The transformation from the sensor measurements to the color may be based in part on a calibration based on the wavelength-dependent sensitivity of the sensor and/or the wavelength dependent intensity of light emitted by the display (i.e. the spectral characteristics of “white” as emitted by the display). Example wavelength dependent intensities for “white” on common display screens are shown in FIG. 8 .
An additional backlight compensation step may be performed. This may comprise taking measurements from the sensor when the device is in position but no pattern is displayed on the display screen (e.g. the screen is black), and subtracting these measurements from all other measurements made by the sensor.
The sensor angle may be 45 degrees (i.e. to give a measurement geometry which matches the generally used standards for color measurement), but other geometries may be used (e.g. to allow the method to be performed with a broader range of hardware).
The device may be provided as an integral unit (e.g. having the display and the sensor on the same unit, such as a smartphone with a front facing camera), or the sensor may be provided as a module to be attached to a second module comprising the display.
There are various possibilities for the pattern which is used to illuminate the target. The simplest is a circle as shown in FIGS. 5A to 5E, with the circles being of a consistent size, and located on a single line extending through the sensor, in this case, the midline of the display. The radius of the circles, or in general, the size of the illuminated area in each pattern, is a balance between the illumination of the surface, and how closely the illumination is to the ideal “point source”-like behaviour. Larger patterns give greater illumination; smaller patterns give results closer to a point source.
The use of illumination areas within the patterns with shapes other than circles can provide a better balance between these factors. FIGS. 9A and 9B show other options for the pattern; each shows all of the patterns at once, for convenience, although these are in practice displayed sequentially (as in FIGS. 5A to E). For example, if each pattern is a line 901 perpendicular to the line extending through the sensor, e.g. horizontal lines on the display, as shown in FIG. 9A, then the total area of the pattern is larger for a given span of illumination angles of the pattern.
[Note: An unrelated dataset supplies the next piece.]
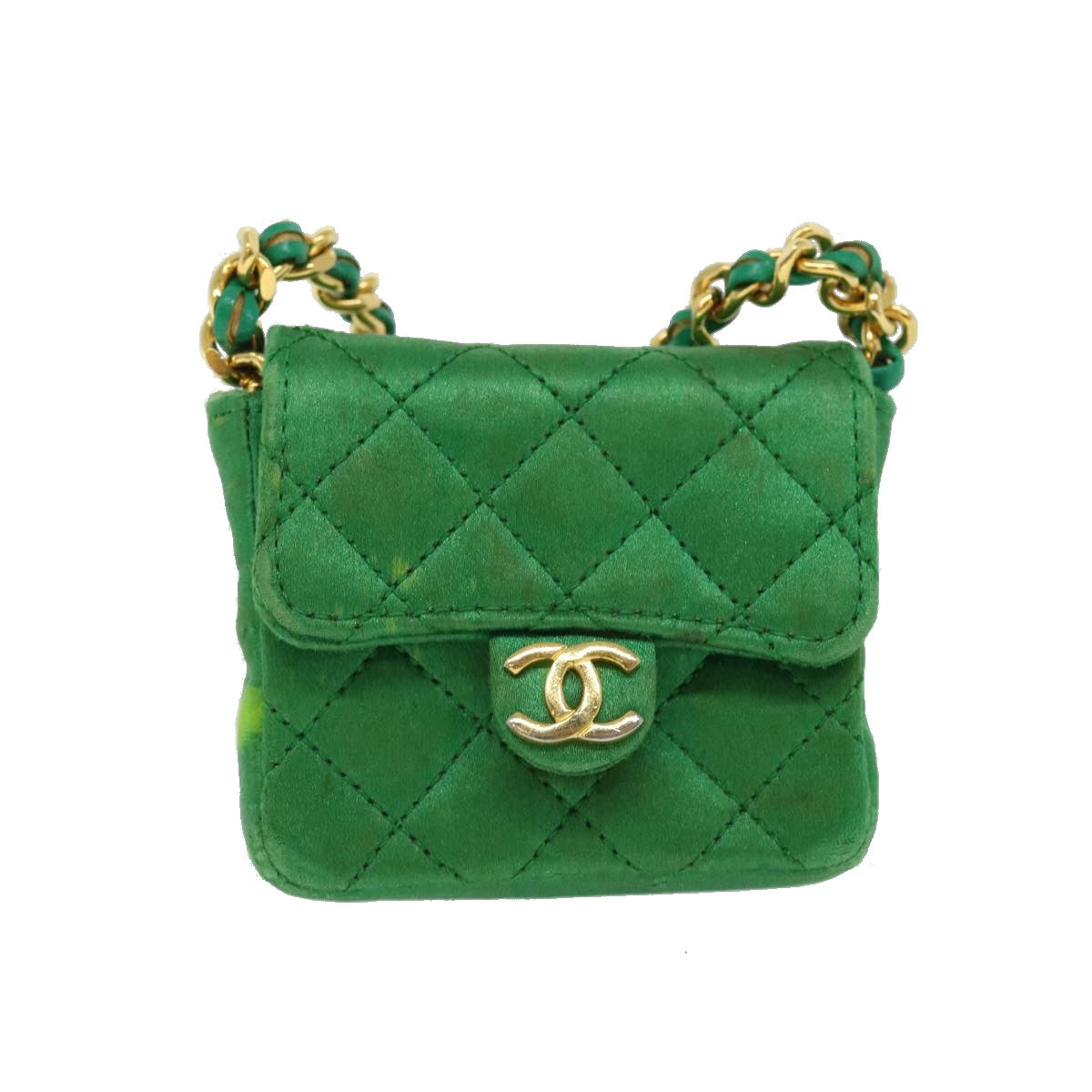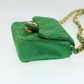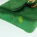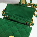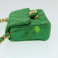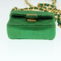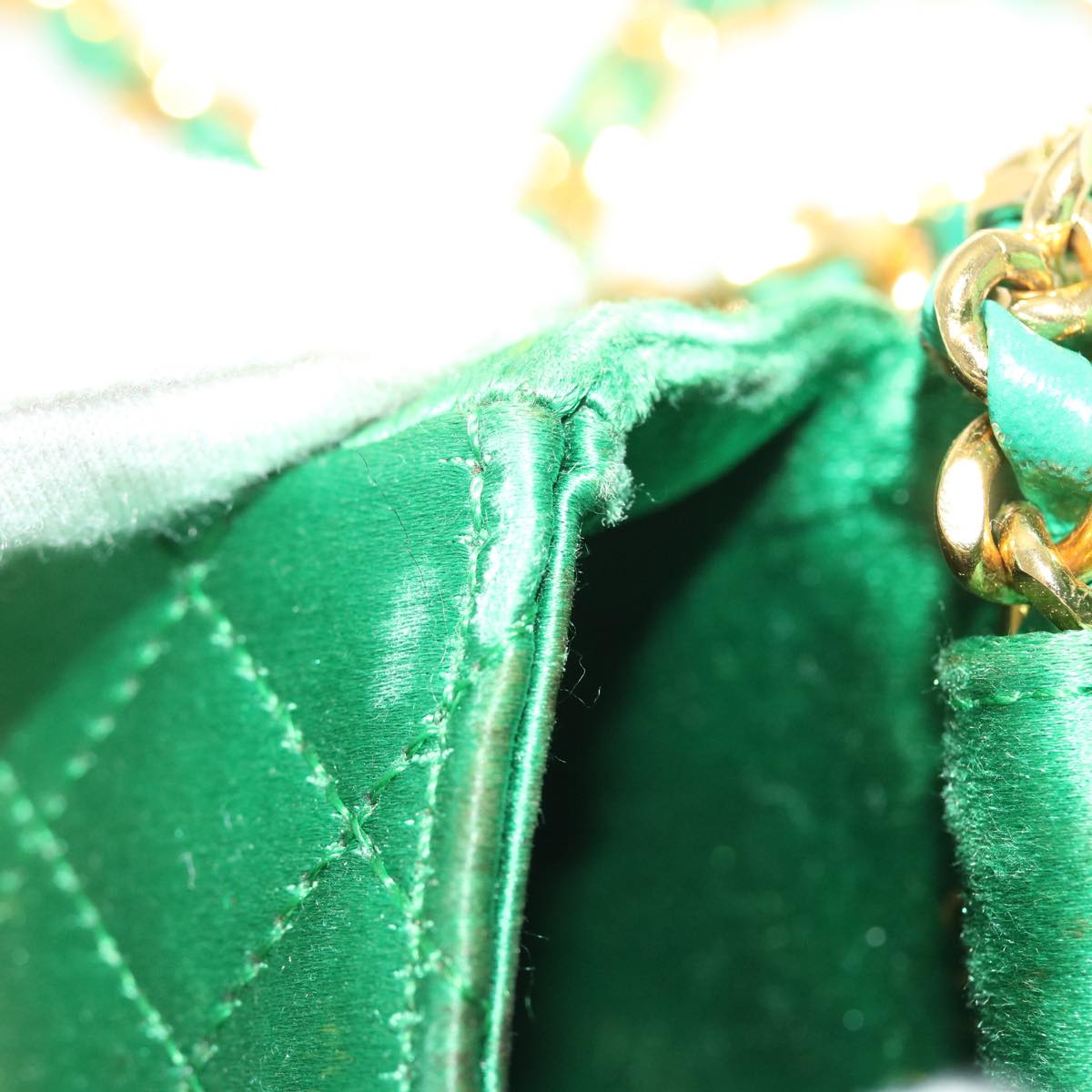 CHANEL Mini Matelasse Chain Pouch Shoulder Bag Satin Green Gold CC Auth 51271A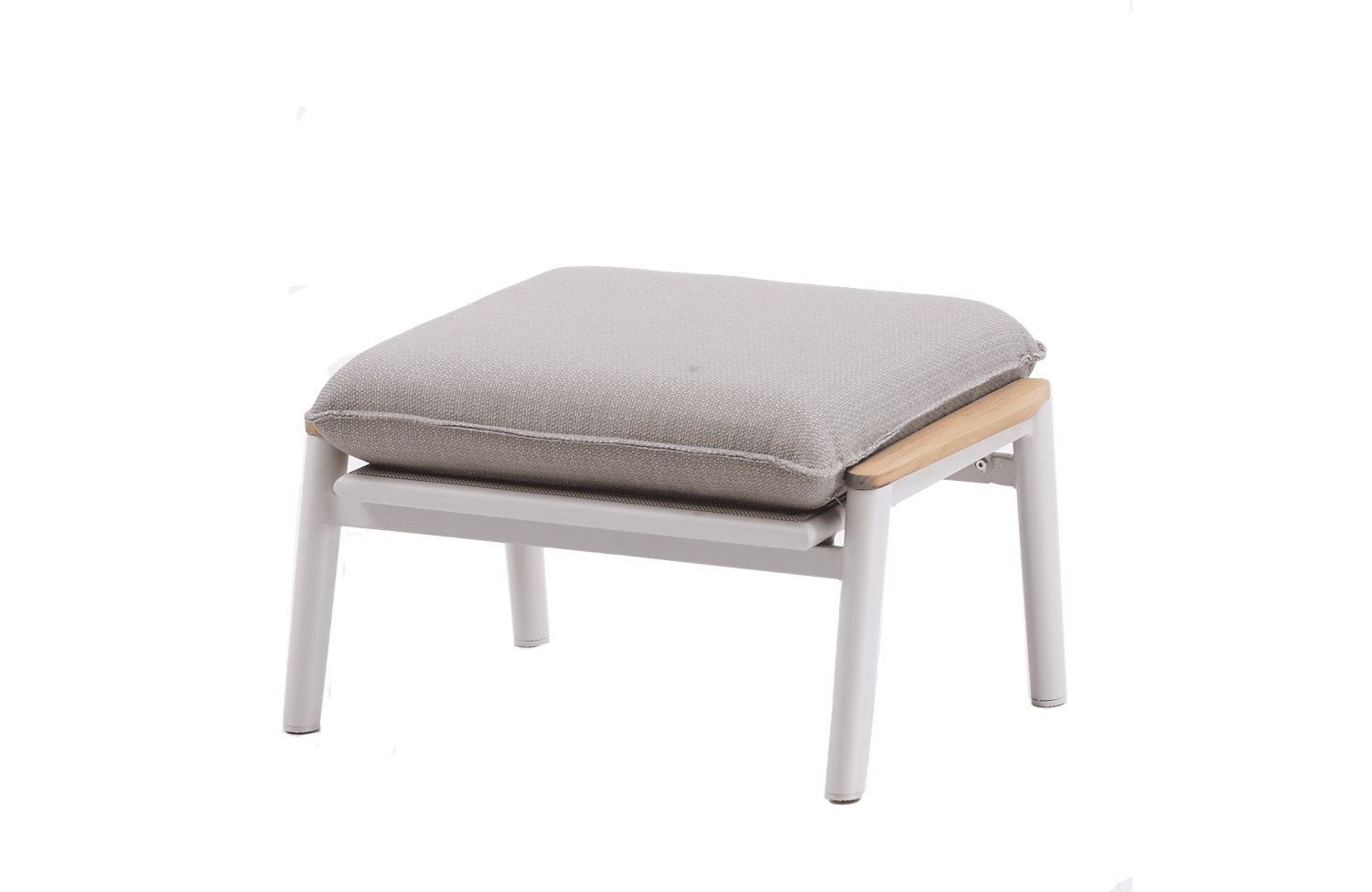 The powder-coated stainless steel frame in beige is complemented by elegant teak wood armrest details, adding warmth and refinement.

The span of illumination angles is the difference between the illumination angle for the part of the pattern closest to the sensor, and the illumination angle for the part of the pattern furthest from the sensor. Further improvement in that regard can be obtained by defining the pattern to be an arc 902 centred on the sensor (as shown in FIG. 9B), but in this case the pattern area is different depending on the pattern distance.
Additionally, by comparing the measurements received from patterns either side of a straight line passing through the sensor, the tilt of the device may be determined. If the device is parallel to the surface, then the measurements made by the sensor should be the same for a first pattern which is located at a first pattern distance from the sensor, and is located on the left side of a straight line passing through the sensor, and for a second pattern which is located at the same pattern distance but on the right side of the straight line passing through the sensor—where the straight line passing through the sensor passes directly over the target point. If the measurement is greater for the first pattern than for the second pattern, then this indicates that the left side of the device is closer to the surface than the right side, and vice versa. To obtain increased accuracy for this tilt measurement it may be performed at the pattern distance corresponding to the maximum specular reflection (as this will show the greatest change in measured intensity due to tilt), but this is not required.
While the controller has been described above as being integral with the device, this need not be the case. FIG. 10 shows an alternative arrangement where the device 1000 comprises a display screen 1001 and a sensor 1002. A separate controller 1003 is connected to the device via a wired or wireless data connection 1004. For example, the device may be a peripheral which is connected to a computer which acts as the controller, As a further alternative (not illustrated), the role of the controller may be shared between a first controller on the device, and a second, external controller. For example, the second controller may be a cloud server which performs the determination of the color from the sensor measurements, with the control of the display being handled by a first controller on the device.
In general, a system comprises a device (200, 1000) having a display screen (201, 1001) and a sensor (202, 1002), and also comprises a controller which may be a part of the device (203), external to the device (1003), or distributed between the device and other entities (not shown in figures).
The examples of the above disclosure can be employed in many different applications including paint or dye matching, color reproduction in computer generated imagery, or characterising materials, for example, in the paint industry, and other industries.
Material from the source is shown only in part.